• **EXERCISE DESCRIPTION**: Retype, without changes or pictures, only the lines that begin at the one containing "Фиг.11 иллюстрирует другую" and end at the last line of the records that follow.

• **GIVEN DATA**:
■ ■ ■ ■ ■
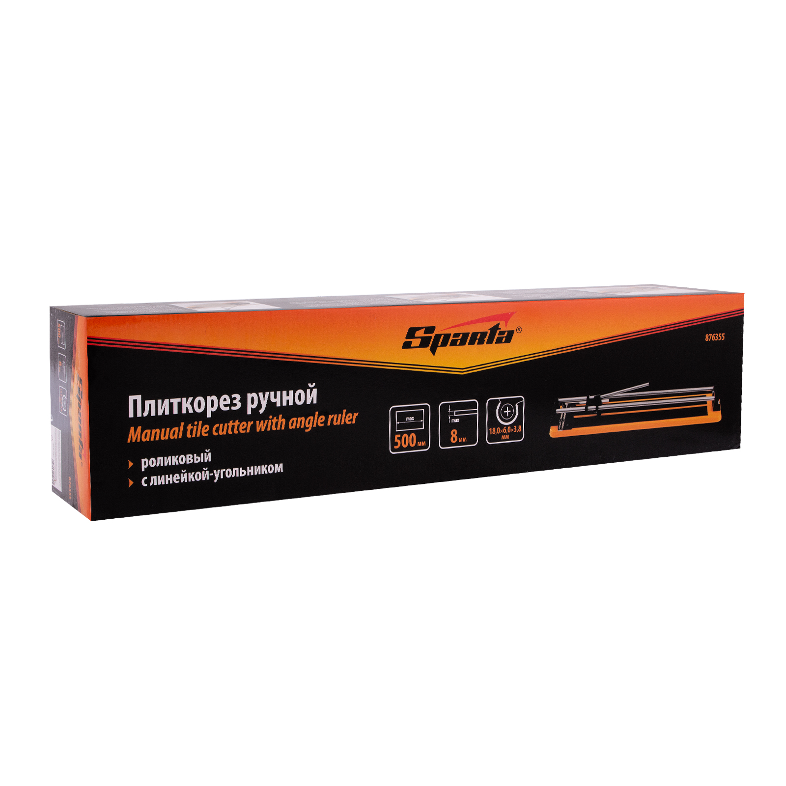 Роликовый плиткорез Sparta 876355 — ручной инструмент для резки керамической плитки длиной до 500 мм и толщиной до 8 мм. Используется во время проведения отделочных работ.
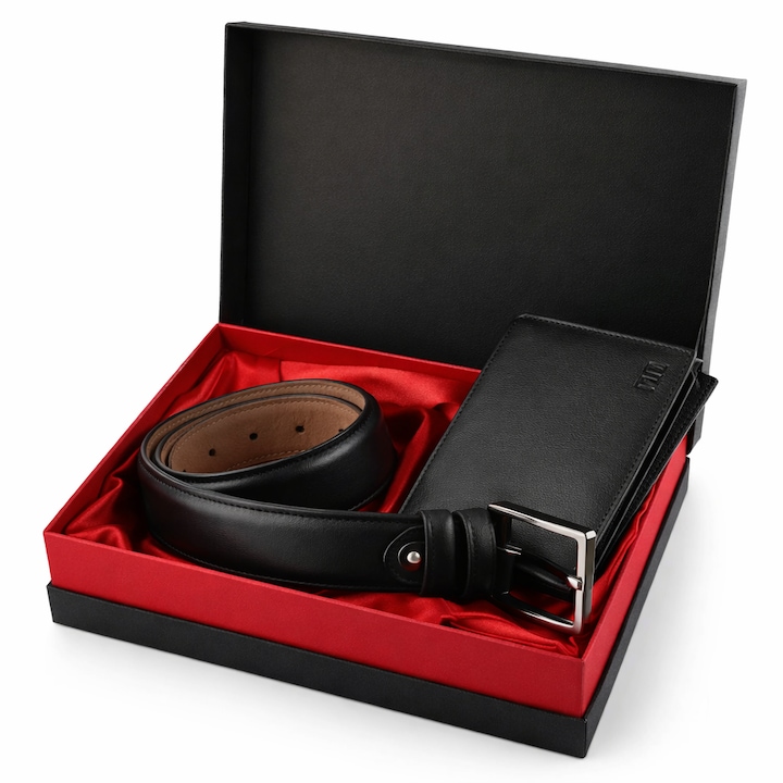 Set cadou pentru barbati, format din curea si portofel tip piele, in culoare neagra, prezentate intr-o cutie eleganta cu aspect frumos.
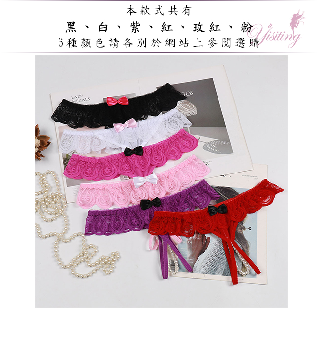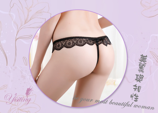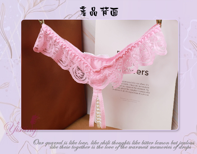 完美挑逗!蕾絲花邊露屁屁串珠開襠低腰褲﹝粉﹞
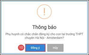 Bước 8 : Xác nhận “Đồng ý” để hoàn thành thao tác đăng ký nguyện vọng.
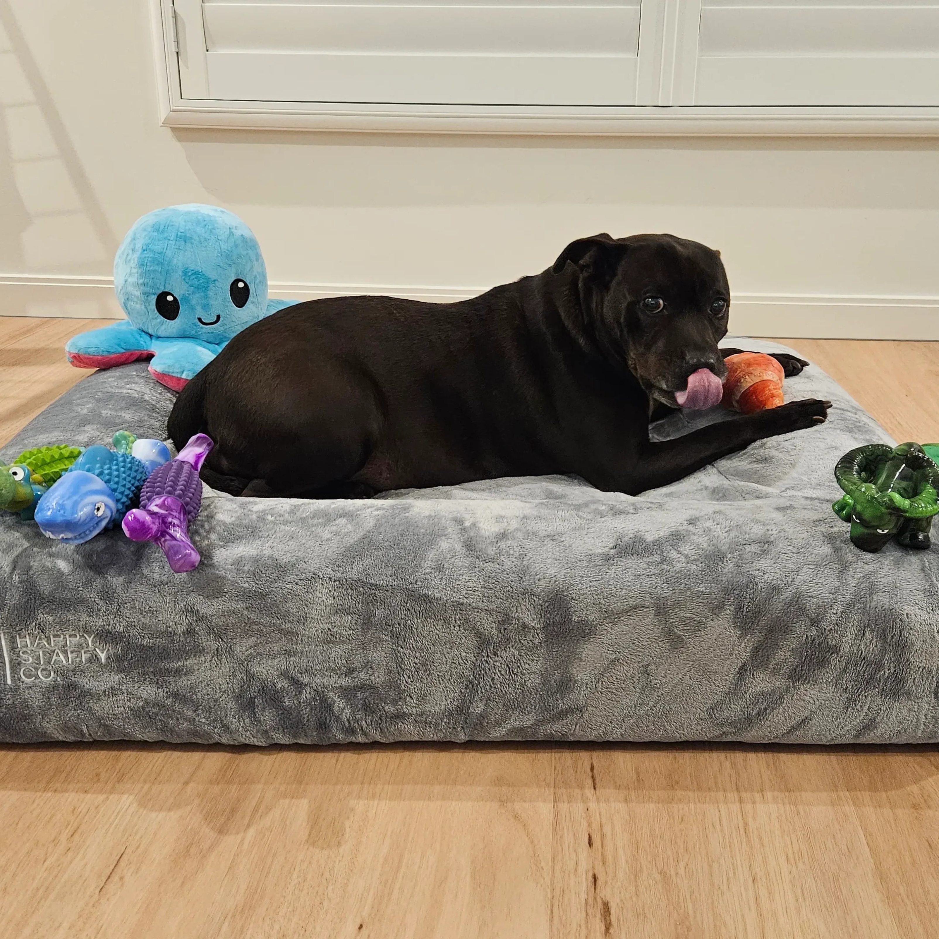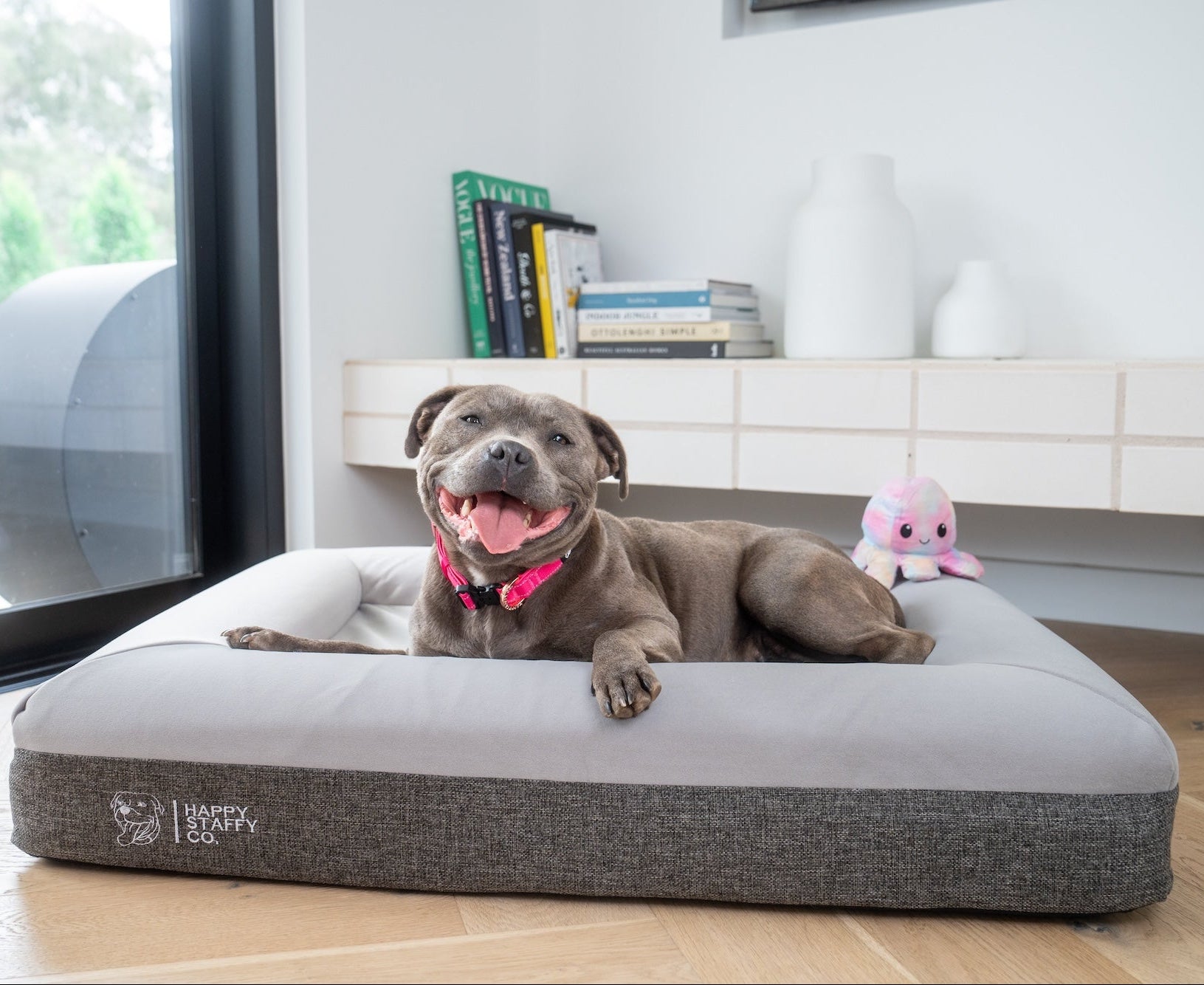 myla.thebluestaffy My lovely new calming day bed🤍 thankyou so much @happystaffyco Feels like a dream, I am one lucky pup!
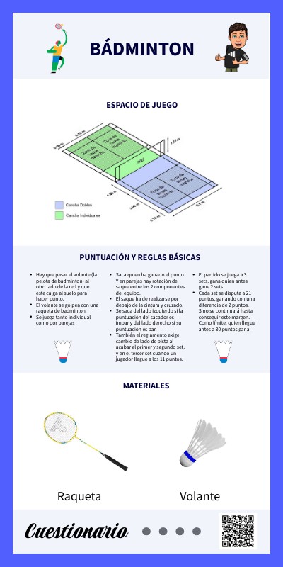 - Hay que pasar el volante (la pelota de badminton) al otro lado de la red y que este caiga al suelo para hacer punto.
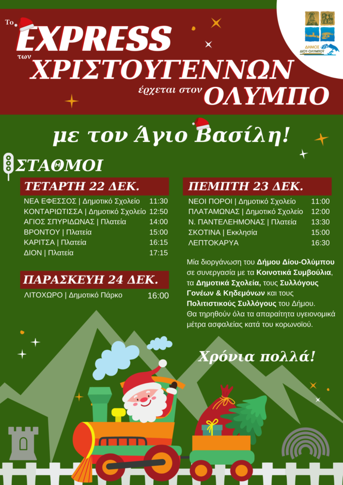 Ο Δήμος Δίου-Ολύμπου σας προσκαλεί σε μία χριστουγεννιάτικη βόλτα με το Express των Χριστουγέννων, το οποίο φέτος κάνει στάση στον Όλυμπο!
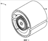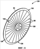 Фиг.11 иллюстрирует другую приведенную в качестве примера конфигурацию 120 вращающейся компоненты, имеющей множество выемок, расположенных на и прерывающих целостность геометрии 84 непрерывной поверхности для паровой турбины по фиг.1. В представленной сейчас и рассматриваемой конфигурации вращающаяся компонента 120 содержит множество опорных геометрических элементов или выемок, таких, как представлено ссылочными позициями 122, 124, 126, 128 и 130. Например, вращающаяся компонента 120 может содержать многоступенчатую выемку 122 наряду с полукруглыми выемками 124, 126, 128 и 130, имеющими различные глубины для прерывания целостности непрерывной круглой структуры 84.
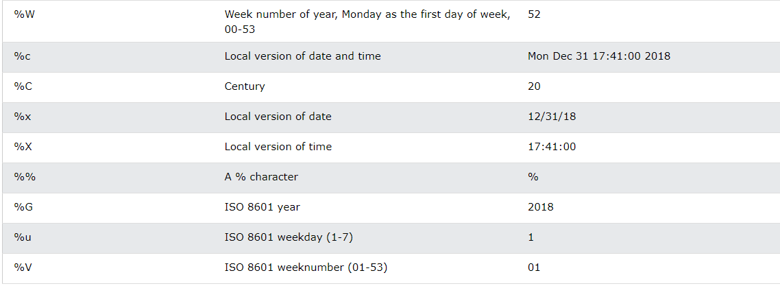 이 메서드는 strftime() 이라고 불리며, format 이라는 반환할 문자열을 특정하기위한 하나의 매개변수를 가집니다.
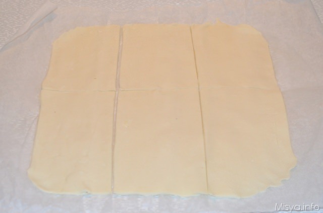 Stendere la pasta sfoglia su un piano infarinato e tagliarla a rettangoli della stessa dimensione
■ ■ ■ ■ ■
• **EXPECTED OUTPUT**:
 Фиг.11 иллюстрирует другую приведенную в качестве примера конфигурацию 120 вращающейся компоненты, имеющей множество выемок, расположенных на и прерывающих целостность геометрии 84 непрерывной поверхности для паровой турбины по фиг.1. В представленной сейчас и рассматриваемой конфигурации вращающаяся компонента 120 содержит множество опорных геометрических элементов или выемок, таких, как представлено ссылочными позициями 122, 124, 126, 128 и 130. Например, вращающаяся компонента 120 может содержать многоступенчатую выемку 122 наряду с полукруглыми выемками 124, 126, 128 и 130, имеющими различные глубины для прерывания целостности непрерывной круглой структуры 84.
 이 메서드는 strftime() 이라고 불리며, format 이라는 반환할 문자열을 특정하기위한 하나의 매개변수를 가집니다.
 Stendere la pasta sfoglia su un piano infarinato e tagliarla a rettangoli della stessa dimensione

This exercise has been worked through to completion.